Notre Dame: buyer’s or seller’s market?

I don’t think this comes as particularly shocking news:

A source familiar with the school’s thinking told Sports Illustrated that “independence remains the preference and the leader in the clubhouse.” It will take a lot to move Notre Dame off its cherished identity, but the instability of the entire landscape remains a concern, and could further affect the Irish outlook.

I’m sure it would.  The problem for ND is that instability is the name of the game right now in college football.  Take these two examples, for instance.

Two areas to monitor: the fates of both the College Football Playoff and the Atlantic Coast Conference. If one or both collapse, Notre Dame could be compelled into the Big Ten. Per its current contract, the playoff ceases to exist in January 2026. There is no guarantee another iteration of it will take its place, at any size. “The vast majority of the writing assumes a playoff, and that it’s going to get bigger,” says the industry source. “I’m not sure about that assumption.”

The idea of the CFP ceasing to exist when its current contract expires would have been a laughable concept a year ago, but now, who the hell knows?  If it did collapse under the weight of the current state of realignment affairs, that seems like pretty good news for the Irish and their desire to remain independent.  Maintaining the four-team status quo seems even better, though.
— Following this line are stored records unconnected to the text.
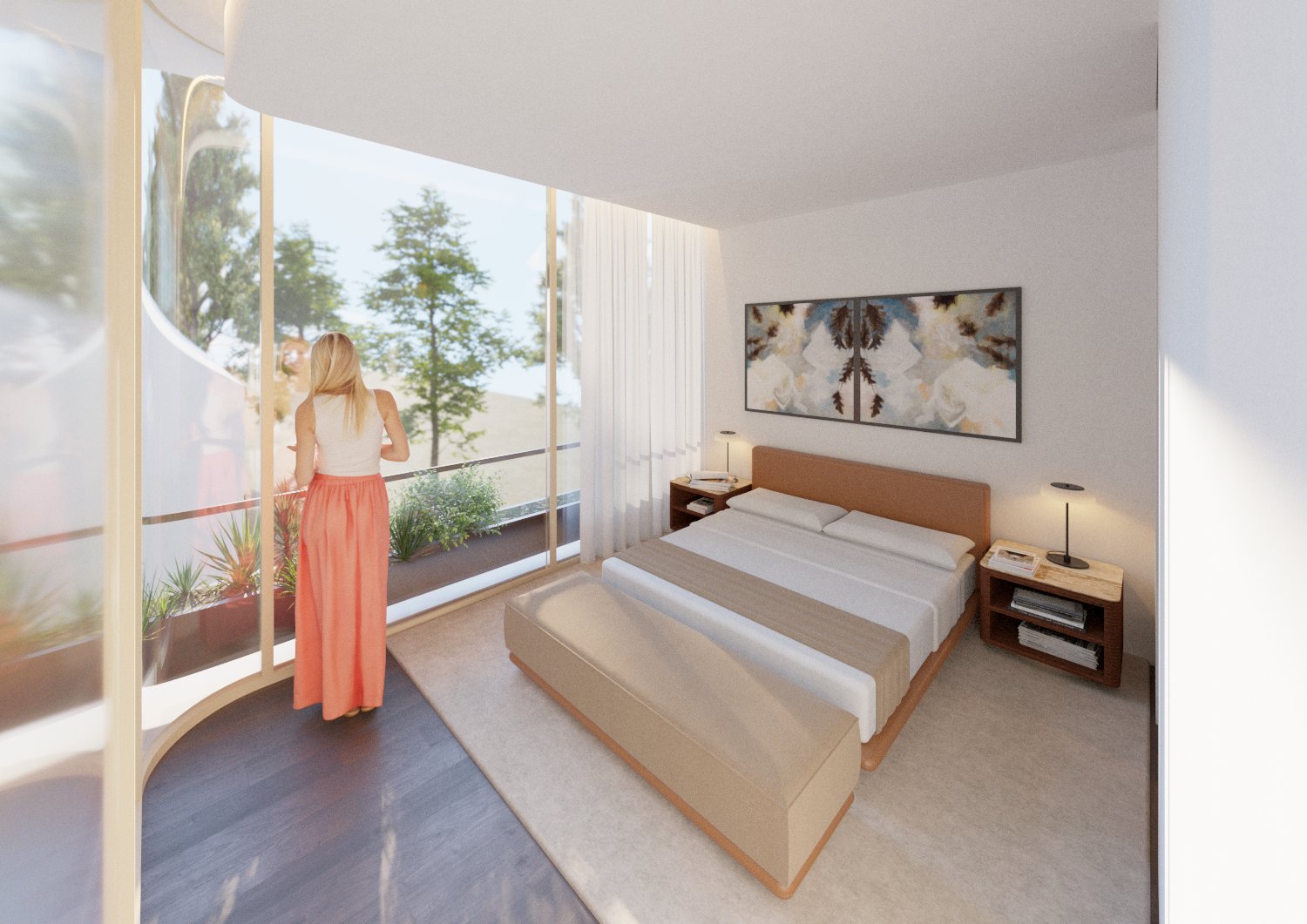 El uso de grandes ventanales y balcones permite que la luz natural llene los espacios interiores, creando una sensación de continuidad entre el interior y el exterior.
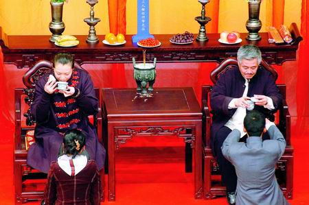 我觉得一个团队要有点规矩,师徒之间要有一种传统。我是一个民间艺人,我经营二人转从没有到有,从不景气到想看买不到票,这个过程给我带来很大的收获。那些学生,之前我都已经一批一批收完了,我想在那天给他们一个证书、给他们一个忠告,让他们知道赵门的规矩,怎么做人。那天收了35个,只有四五个是新收的学生,只是有一个排序,我给他们发了一个聘书,发了一个我给他们写的字画。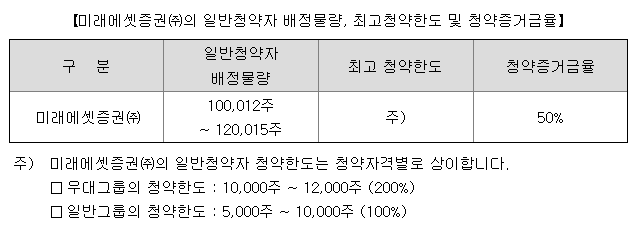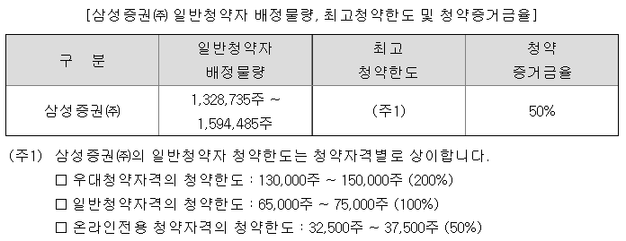 - 청약 가능 증권사 : 삼성증권, 미래에셋증권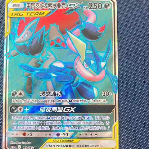 Pokémon Greninja GX samlekort. Motivet viser Pokémon-figuren Greninja i GX-udgave med illustreret holo/foil-overflade. Kortet er er Nm

Ironically, Notre Dame’s best ally in the cause of independence would appear to be Greg Sankey.  Make no mistake, Sankey would love for ND to join his conference.  Almost as good a win for the SEC, though, would be keeping them out of the Big Ten, whether through the ACC maintaining its viability or postseason circumstances allowing the Irish to maintain their cherished independence.

Along those lines, Sankey’s already got credibility with Jack Swarbrick, ND’s athletic director.  The two were the main drivers, along with now departed Big 12 head Bob Bowlsby, for the 12-team CFP proposal that was vetoed by the other three P5 commissioners.  A 12-team CFP is probably the most attractive option of all to the Notre Dame athletics brain trust.

But here’s the thing:  the Big Ten’s Kevin Warren knows that.  And he’s already on record as having shot down the 12-team playoff, so he’s got a certain credibility of his own in play.  (Admittedly, that only goes so far.)  The question you have to ask him is pretty simple — how long do you take no for an answer?  I think that depends on what he sees as an end game.  If it’s about maintaining the current CFP framework, then he can pretty much wait forever on Notre Dame (which he just might have to do).  But what if he’s already leaning into the super league concept of a Big Ten/SEC-controlled playoff?

That’s where it gets interesting, at least to me.  Facing that situation, Notre Dame can’t hold out forever, of course, but it might hold out long enough to force the Big Ten’s hand with regard to where the next round of expansion goes.  Warren’s problem with that scenario is that he’s not the only likely bidder for ND’s entry.  That’s going to be especially awkward if the ACC is busted up and a bunch of schools from that conference shop for a new landing place.

There are lots of games left to play, in other words.  But the Irish don’t strike me as being in a desperate position — not yet, anyway.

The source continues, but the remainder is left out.